Raw data Block Start

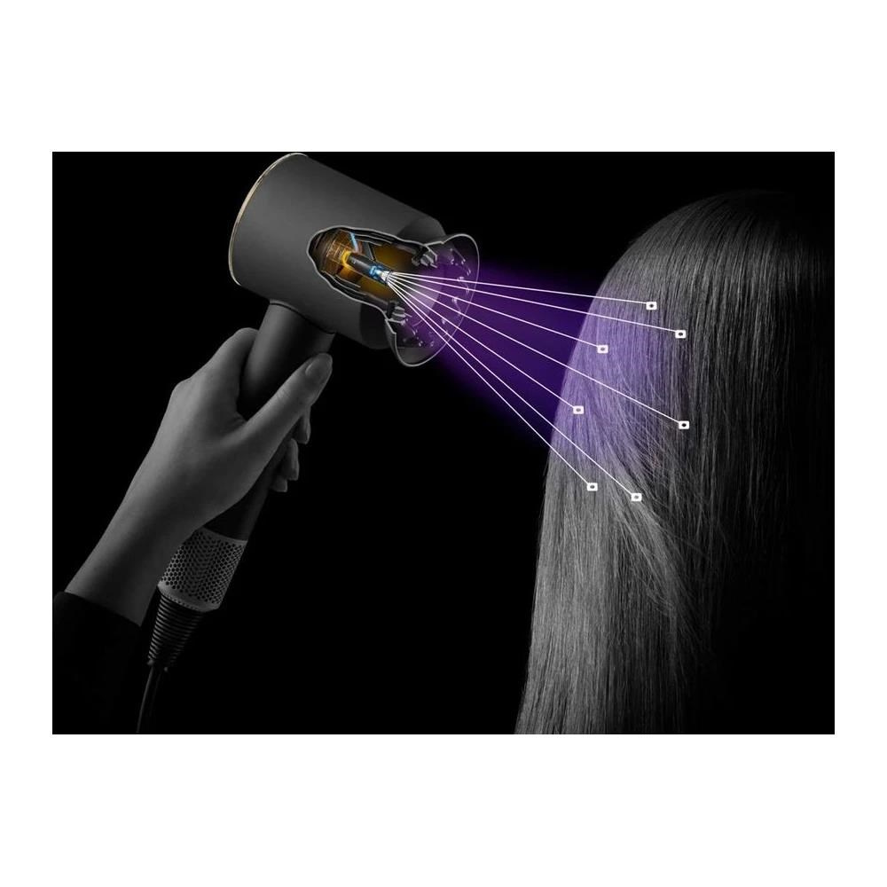 Fén nabízí 4 přesná nastavení teploty (100 °C, 80 °C, 60 °C, 28 °C) a 3 rychlosti pro rychlé, běžné či jemné vysoušení. Nechybí ani funkce rychlého zchlazení, která zafixuje účes. Výkonný digitální motor Dyson V9 a technologie Air Multiplier™ zaručují silný a rovnoměrný proud vzduchu.
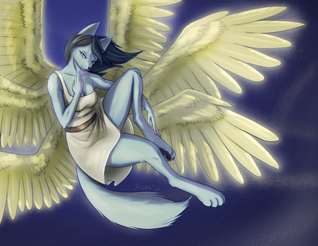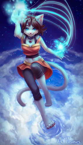 Love all the varying shades of blue on the character, and also the blueish "glow" halo around the character. The outfit is an interesting choice, very Greek and/or priestess looking.
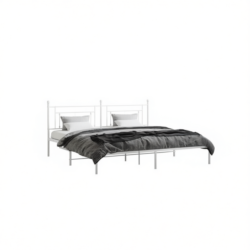 Struttura letto matrimoniale in acciaio verniciato a polvere bianca, letto in metallo minimalista per camera da letto, dimensioni standard
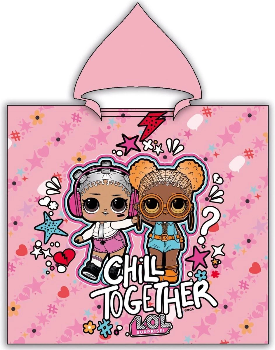 L.O.L. Surprise! Poncho. Deze mooie poncho is perfect om mee te nemen naar het strand of het zwembad. Chill together, dat kan nu ook beschermd tegen de zon onder deze mooie poncho. Ook een leuk cadeau!
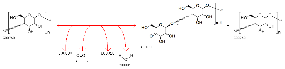 Cellulose(n+m) + Reduced acceptor + Oxygen <=> 4-Dehydro-beta-D-glucosyl-[(1->4)-beta-D-glucosyl]n-1 + Cellulose(m) + Acceptor + H2O
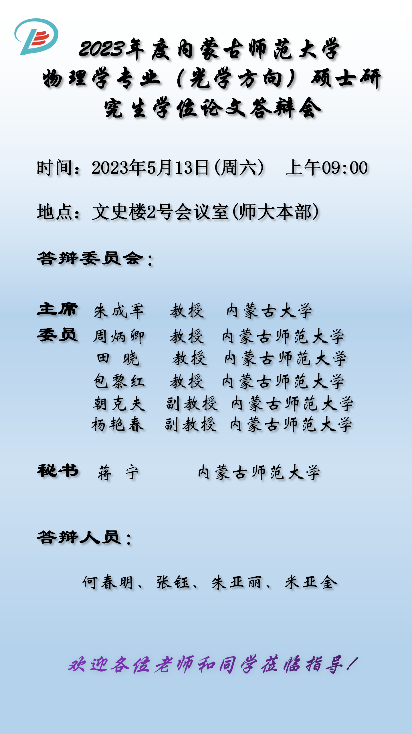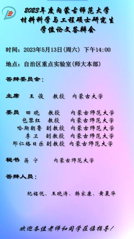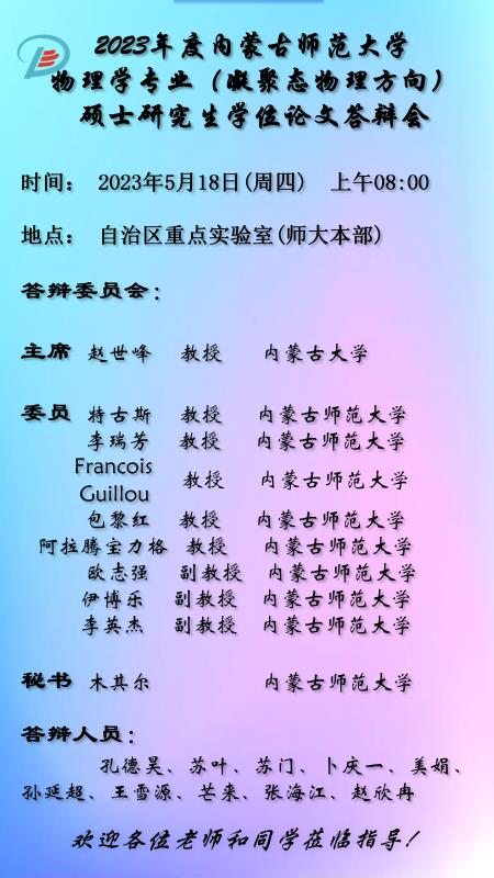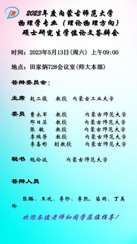 物理与电子信息学院2023届硕士研究生学位论文答辩安排
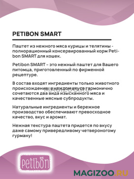 Petibon SMART – это нежный паштет для Вашего питомца, приготовленный по фирменной рецептуре.

Raw data Block End

Problem statement:
What is needed is every entry written out word for word, with no pictures.

Problem solution:
 Fén nabízí 4 přesná nastavení teploty (100 °C, 80 °C, 60 °C, 28 °C) a 3 rychlosti pro rychlé, běžné či jemné vysoušení. Nechybí ani funkce rychlého zchlazení, která zafixuje účes. Výkonný digitální motor Dyson V9 a technologie Air Multiplier™ zaručují silný a rovnoměrný proud vzduchu.
 Love all the varying shades of blue on the character, and also the blueish "glow" halo around the character. The outfit is an interesting choice, very Greek and/or priestess looking.
 Struttura letto matrimoniale in acciaio verniciato a polvere bianca, letto in metallo minimalista per camera da letto, dimensioni standard
 L.O.L. Surprise! Poncho. Deze mooie poncho is perfect om mee te nemen naar het strand of het zwembad. Chill together, dat kan nu ook beschermd tegen de zon onder deze mooie poncho. Ook een leuk cadeau!
 Cellulose(n+m) + Reduced acceptor + Oxygen <=> 4-Dehydro-beta-D-glucosyl-[(1->4)-beta-D-glucosyl]n-1 + Cellulose(m) + Acceptor + H2O
 物理与电子信息学院2023届硕士研究生学位论文答辩安排
 Petibon SMART – это нежный паштет для Вашего питомца, приготовленный по фирменной рецептуре.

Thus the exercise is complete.